The tornado, which reached speeds of up to 140 mph, cut a deadly, 14-mile path across Sumter County that was 300 yards wide, local and state authorities said Monday. It killed one person, injured three others and damaged an estimated 70 homes and several businesses primarily in four areas of the county, authorities said. Two weaker tornadoes were reported in Lee and Orangeburg counties.

Gov. Mark Sanford on Monday afternoon toured a rural community on U.S. 76 between Sumter and Mayesville, where Janie Gregg, 53, was killed when a tornado tore through her mobile home.

Her companion, Earl Moses, remained in critical condition Monday afternoon in a Charlotte hospital, officials said.“There are a lot of families whose lives have been turned upside down,” Sanford said during a news conference near a yellow brick home that had its windows blown out and the roof damaged.

But Ron Osborne, director of the state Emergency Management Division, said during the news conference that he didn’t think the affected areas would be eligible for Federal Emergency Management Agency assistance because the damage probably wasn’t severe enough under federal guidelines.

Osborne said a state team of 11 workers was working with county officials to assess the damage.

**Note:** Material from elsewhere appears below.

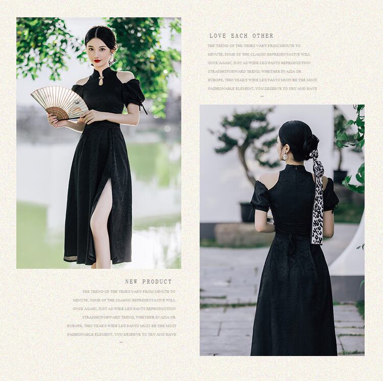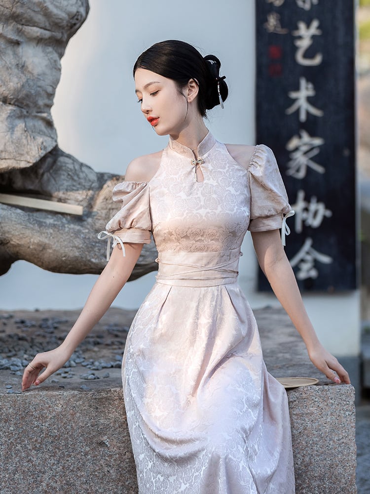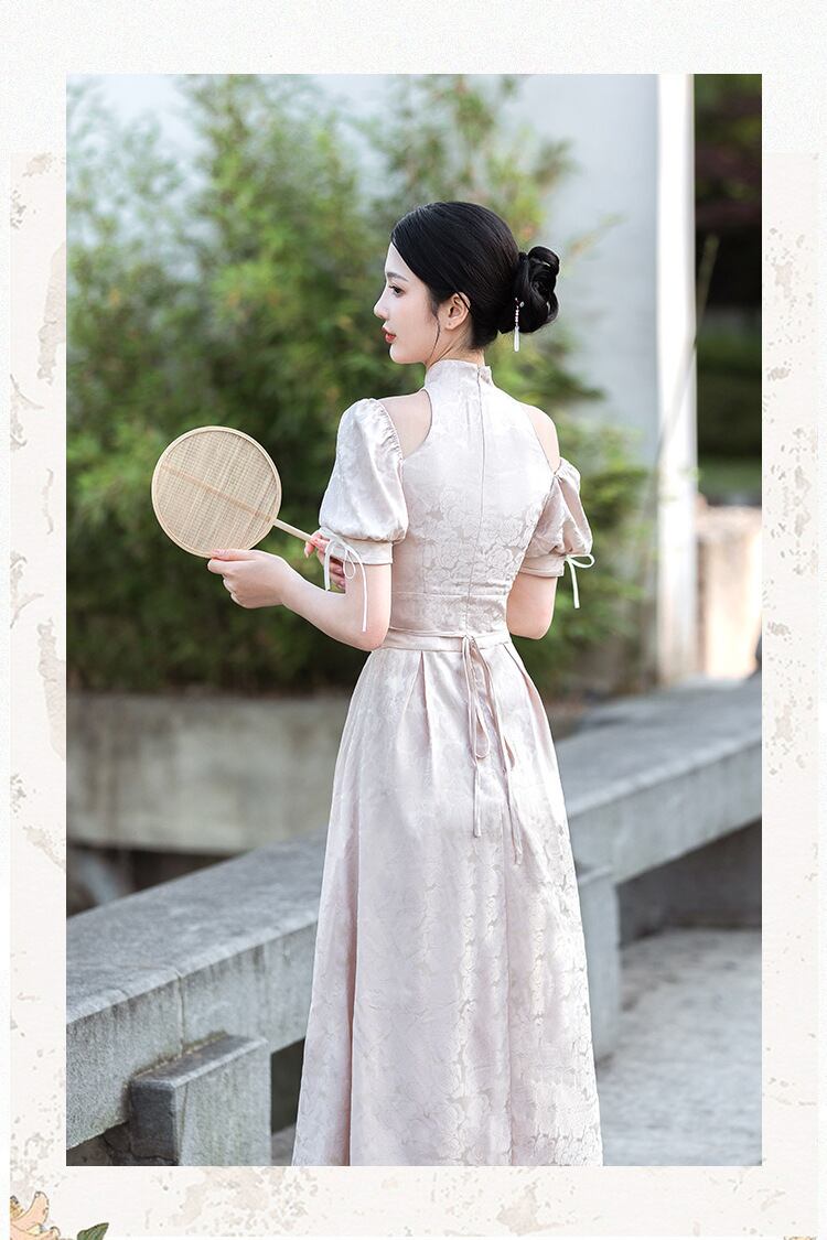 チャイナ風ワンピース 2色 パフスリーブ 改良型チャイナドレス チャイナ風服 チャイナボタン オシャレ 大人可愛い

He said it probably would be several days before a damage estimate would be available.

“You’re not seeing a horrific swath 60 miles wide, but you’re seeing horrific damage in this specific area,” Sanford noted.Sanford spoke with volunteers, neighbors and relatives of those who were injured.

“So it picked the whole house up?” Sanford said to Craig Hall, whose father, Robert Hall, was seriously injured when he was thrown — with his double-wide mobile home — more than 50 feet away. The tornado also overturned the elder Hall’s Matco Tools truck.

Craig Hall said his father, who is in his mid-50s, was watching TV when he heard the tornado coming and jumped in the bathtub. He said his father suffered broken ribs and couldn’t move after being thrown, but next-door neighbor Phil Lackey quickly got rescue workers to pull him out of the rubble.

“He’s still living,” the younger Hall said. “That’s the main thing.”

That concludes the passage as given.